Picture by Jovan Ukropina
You probably already know how the origins of the Jack O' Lantern are associated with an Irish blacksmith named Jack, known as "Stingy Jack" due to his greed. When he died, he was refused entrance to either Heaven or Hell, instead being forced to wander eternally between them. There are a few different explanations as to why the Devil wouldn't let him into Hell, but the most common seems to be that Jack had tricked and trapped Satan on an earlier occasion. I've seen stories about people being too bad for Heaven and too good for Hell in other places as well (I think Ibsen used it in Peer Gynt), which certainly isn't in line with the modern fundamentalist Christian idea that everyone goes to Hell by default. Then again, these fundamentalists also tend to believe that the origins of Halloween and the Jack O' Lantern have to do with human sacrifice among the Druids. I'll get back to that idea later, but I should really finish the story of Jack first, shouldn't I? Although the Devil won't let him into Hell, he gives Jack an ember to light his way in the darkness, and Jack carries this around inside a turnip. When the Irish brought the tradition of making lanterns out of vegetables to North America, they began using pumpkins instead, as they were better suited to the task. It seems that carved vegetables were associated with the harvest season for some time, but it wasn't until the nineteenth century that they were specifically linked to Halloween.

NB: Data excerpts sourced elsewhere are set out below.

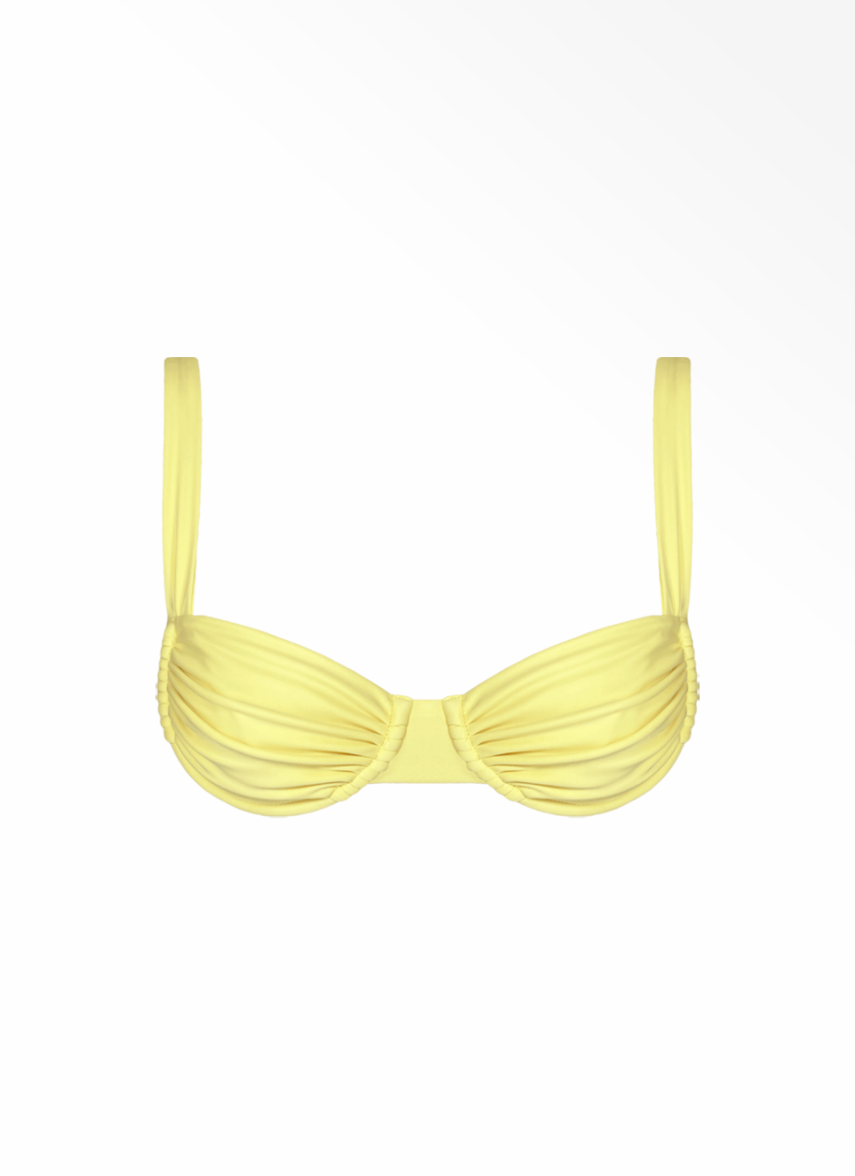The Celene in Limonche is balconette bikini top with sculpted underwire cups that shapes the bust. Features our signature ruched detailing along the cups, adjustable thicker straps and back tie for full adjustability.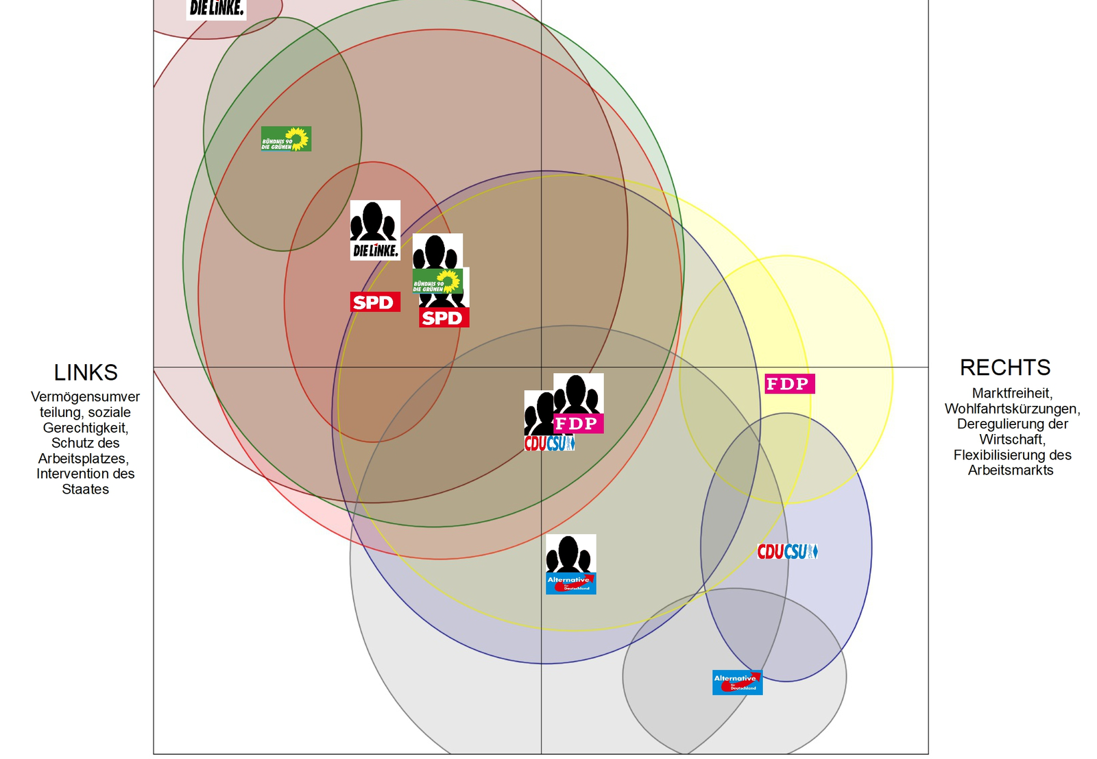 The Green’s campaign was spearheaded by two candidates from the pragmatic “Realo”-wing, Katrin Göring-Eckardt and Cem Özdemir. The party members’ decision to select these candidates was seen as an early sign for an upcoming Jamaica-coalition with CDU/CSU and FDP, but also the reaction towards a rather unsuccessful leftist campaign in 2013. However, the negotiations for such a coalition were cancelled by the Liberals. By looking at the positions in the political landscape of all three parties, the enormous ideological gap between the Greens on the one hand, and FDP and CDU/CSU on the other hand become visible on both dimensions.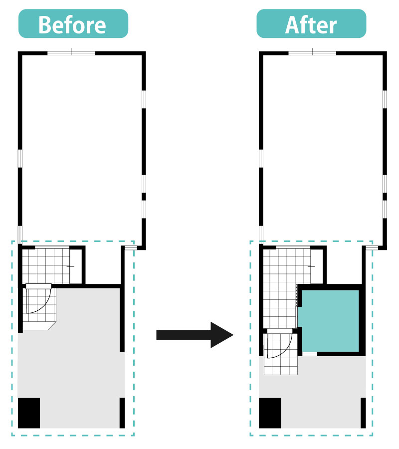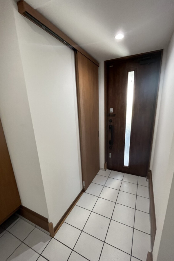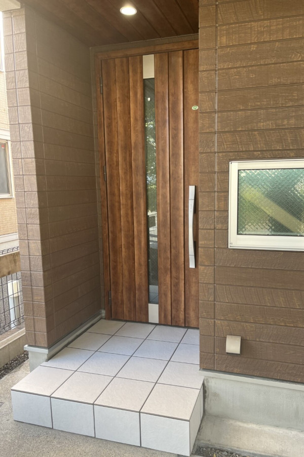 増築部分を繋げるために、玄関部分を一度解体して位置を調節しました。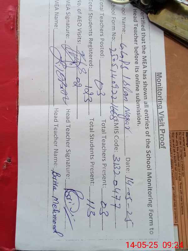 | Attendance Register | Head Teacher | MEA with School | Visit Proof |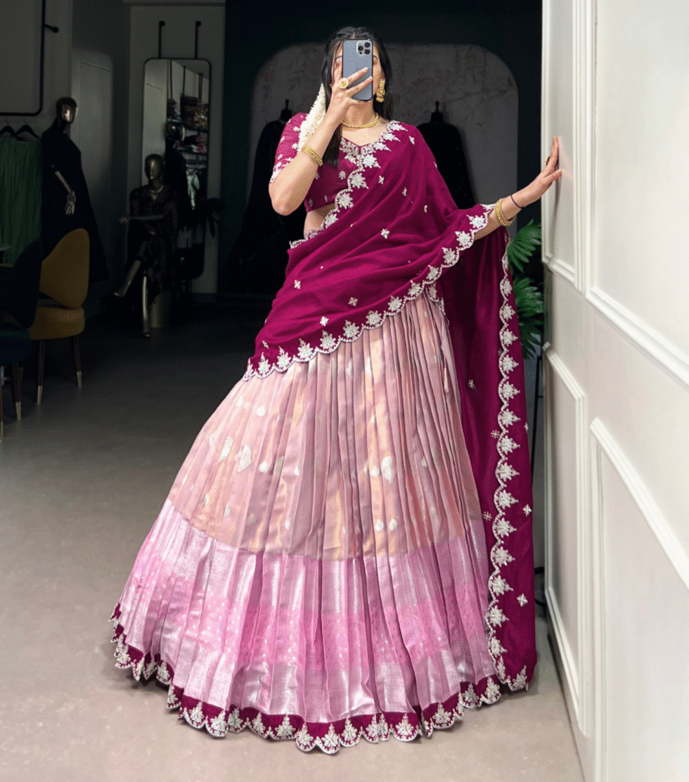 Lehenga Work : Zari Weaving Work With Sequins and Thread Embroidery Scallop Lace Border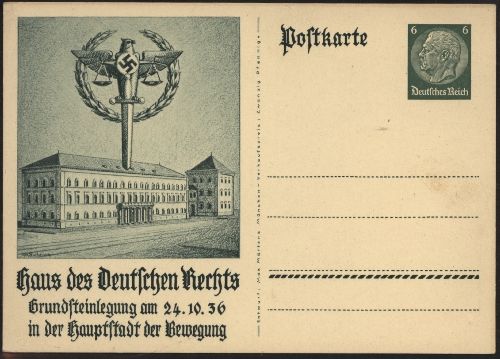 1936 Sonderpostkarte zur Grundsteinlegung des Hauses des Deutschen Rechts in München, ungebraucht.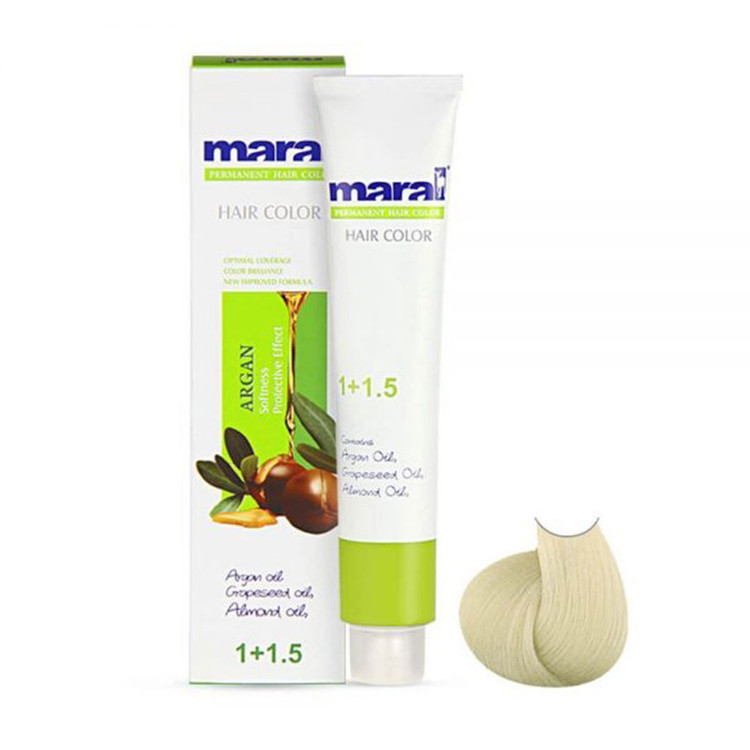رنگ مو مارال رنگ مو دائمی است که قادر است رنگ موجود موها رو تغییر داده، تیره تر یا روشن تر کند. قدرت پوشش رنگ مو مارال برای موهای خاکستری عالی بوده و در هر شرایطی کاملا پایدار است. رنگ مو مارال حاوی روغن آرگان، روغن هسته ی انگور، روغن بادام، ویتامین، نرم کننده و حالت دهنده ی مو می باشد که باعث درخشندگی مو شده و از خشک شدن و شکنندگی مو جلوگیری می کند. حجم: ۱۰۰ میل نسبت درصد ترکیب ۱ به ۱/۵ برای رنگ مو های معمولی اکسیدان ۶ درصد و رنگ موهای روشن کننده ۱ به ۲ اکسیدان ۹ درصد مارال می باشد.

Turning our attention back to the fundamentalists, our old friend Jack Chick paints the rather absurd notion that Jack O' Lanterns were left by the Druids in exchange for human sacrifices, which in turn means Halloween is of the Devil. There is some evidence that the Celts practiced human sacrifice (although the main sources for this are from their enemies, the Romans), but I don't know of any indication outside fundamentalist propaganda that it was associated with Samhain. The autumnal festival was about the harvest and the slaughter of cattle, not children. It was also the beginning of the dark half of the Celtic calendar, and the time when the boundaries between the worlds of the living and the dead break down. (That kind of seems to me like it would be the WORST time to practice human sacrifice, as it would just result in more ghosts to terrorize the land.) Bonfires and costumes were used to drive off or placate the invading spirits.
Picture by Marie Jamieson
Trick-or-treating, of course, started with the tradition of Druids going door to door to kidnap children for sacrifices. No, wait, that's another Chick idea. It's actually more likely to derive from a practice originally associated not with Halloween or Samhain, but with Christmas. During the Middle Ages, Christmas was a time when peasants would beg for food at the homes of wealthy lords. The beggars could get quite rowdy and violent, which is a significant part of why Oliver Cromwell banned the celebration of Christmas. It wasn't until later that Christmas evolved into a much calmer holiday, and the door-to-door rowdiness was transferred over to Halloween. The Wikipedia article on trick-or-treating states that there was also a similar practice known as "souling," when the poor would go out on All Saints' Day and beg for food door-to-door in exchange for prayers. The article also says, however, that there's no evidence that souling was ever practiced in North America.